• **COLLECTED DATA**:
*** Begin section ***
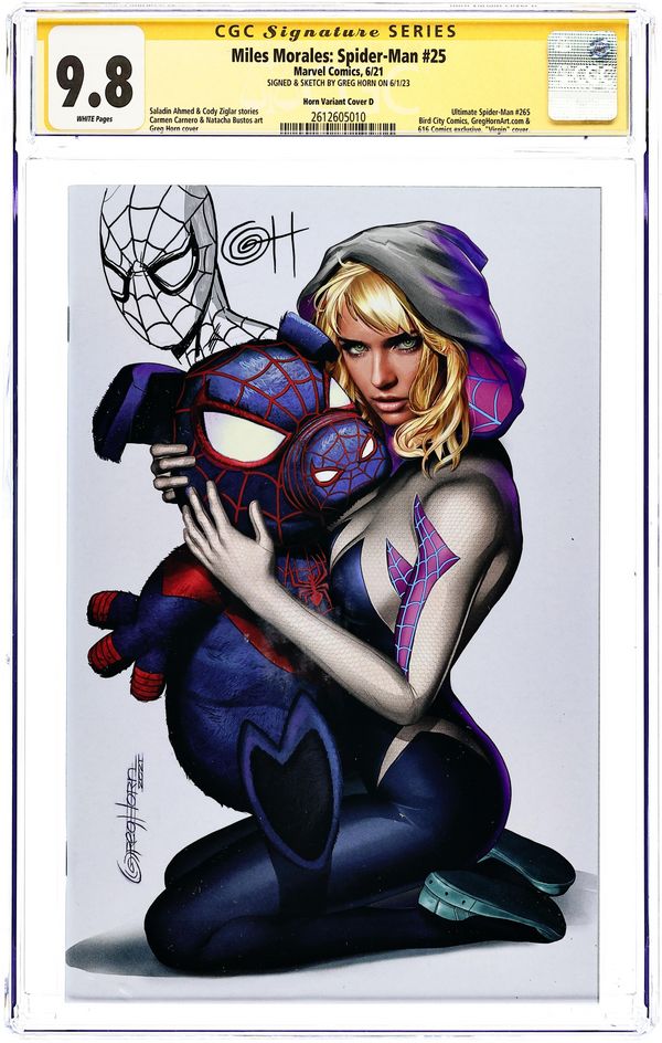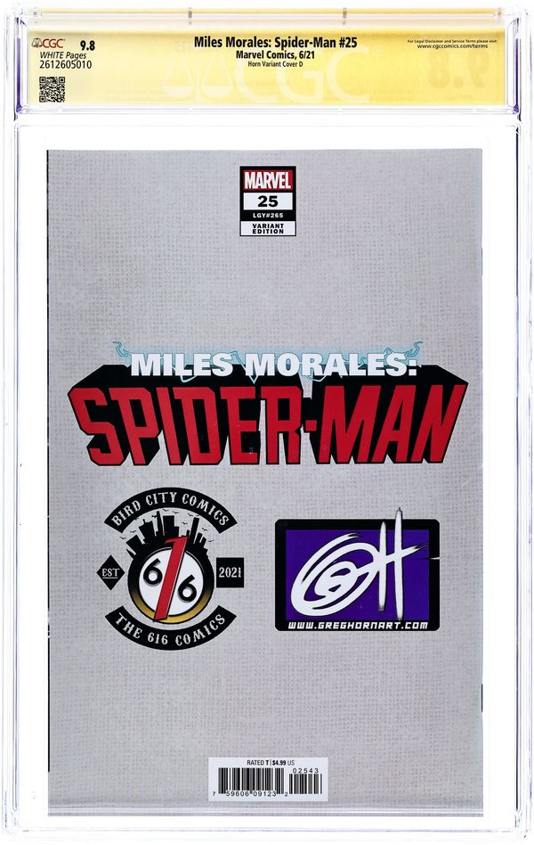 Tags: Marvel Legacy Numbering: Spider-Man (Ultimate) (part 265), Spider-ManMiles Morales Spider-Man (2019 Marvel) 25BIRDCITY.D CGC 9.8 SS Horn Horn Bird City Virgin Variant
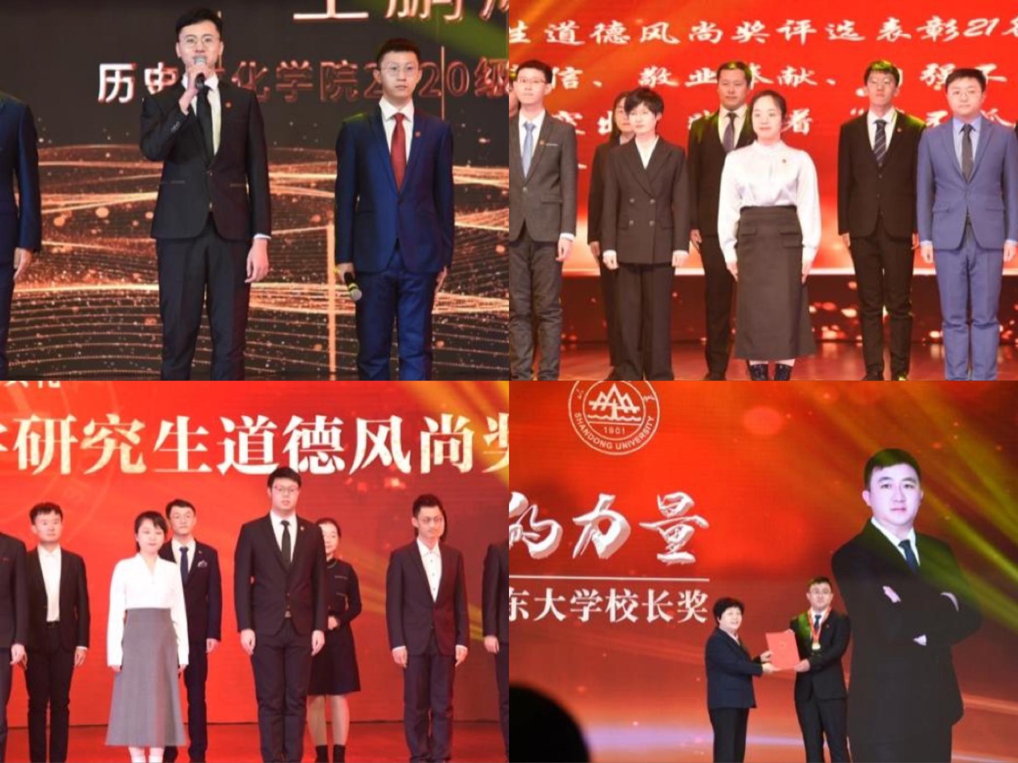 2020级文化产业管理专业硕士研究生王鹏辉践行文化的守正创新,传承山大文化基因,在潜心学业的同时,始终活跃在校内外文化艺术活动的第一线,以自身行动助力学校美育建设,荣获2021年“榜样的力量”年度人物。文化遗产研究院考古学专业2021级硕士研究生张木子致力于志愿服务,心怀大爱、砥砺前行,是太阳成tyc122cc集团第15例造血干细胞成功捐献者,荣获2021年“榜样的力量”年度人物和太阳成tyc122cc集团研究生道德风尚奖。2018级中国史专业博士研究生他维宏脚踏实地、厚积薄发,以卓越的学术成果荣获2021年校长奖学金。2020级考古学硕士研究生宋浦文怀揣奉献精神,多年投身于志愿活动,传递山大学子的精神力量,获得太阳成tyc122cc集团研究生道德风尚奖。王洋等15位同学凭借突出的综合表现和研究成果获评2021年度国家奖学金。他们都是科研创新、道德风尚和思想引领的榜样,并在不同领域以点滴行动诠释着最美的价值。
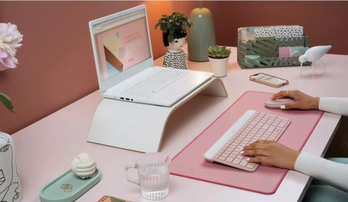 Kompaktní konstrukce sady zajistí, že budete moci pracovat i na těch nejmenších stolech a zároveň mít myš pohodlně na dosah.
*** End section ***
• **REQUIRED WORK**: Output, exactly and without pictures, the span of lines that starts at the line containing "2020级文化产业管理专业硕" and ends at the last line above.

• **EXERCISE SOLUTION**:
 2020级文化产业管理专业硕士研究生王鹏辉践行文化的守正创新,传承山大文化基因,在潜心学业的同时,始终活跃在校内外文化艺术活动的第一线,以自身行动助力学校美育建设,荣获2021年“榜样的力量”年度人物。文化遗产研究院考古学专业2021级硕士研究生张木子致力于志愿服务,心怀大爱、砥砺前行,是太阳成tyc122cc集团第15例造血干细胞成功捐献者,荣获2021年“榜样的力量”年度人物和太阳成tyc122cc集团研究生道德风尚奖。2018级中国史专业博士研究生他维宏脚踏实地、厚积薄发,以卓越的学术成果荣获2021年校长奖学金。2020级考古学硕士研究生宋浦文怀揣奉献精神,多年投身于志愿活动,传递山大学子的精神力量,获得太阳成tyc122cc集团研究生道德风尚奖。王洋等15位同学凭借突出的综合表现和研究成果获评2021年度国家奖学金。他们都是科研创新、道德风尚和思想引领的榜样,并在不同领域以点滴行动诠释着最美的价值。
 Kompaktní konstrukce sady zajistí, že budete moci pracovat i na těch nejmenších stolech a zároveň mít myš pohodlně na dosah.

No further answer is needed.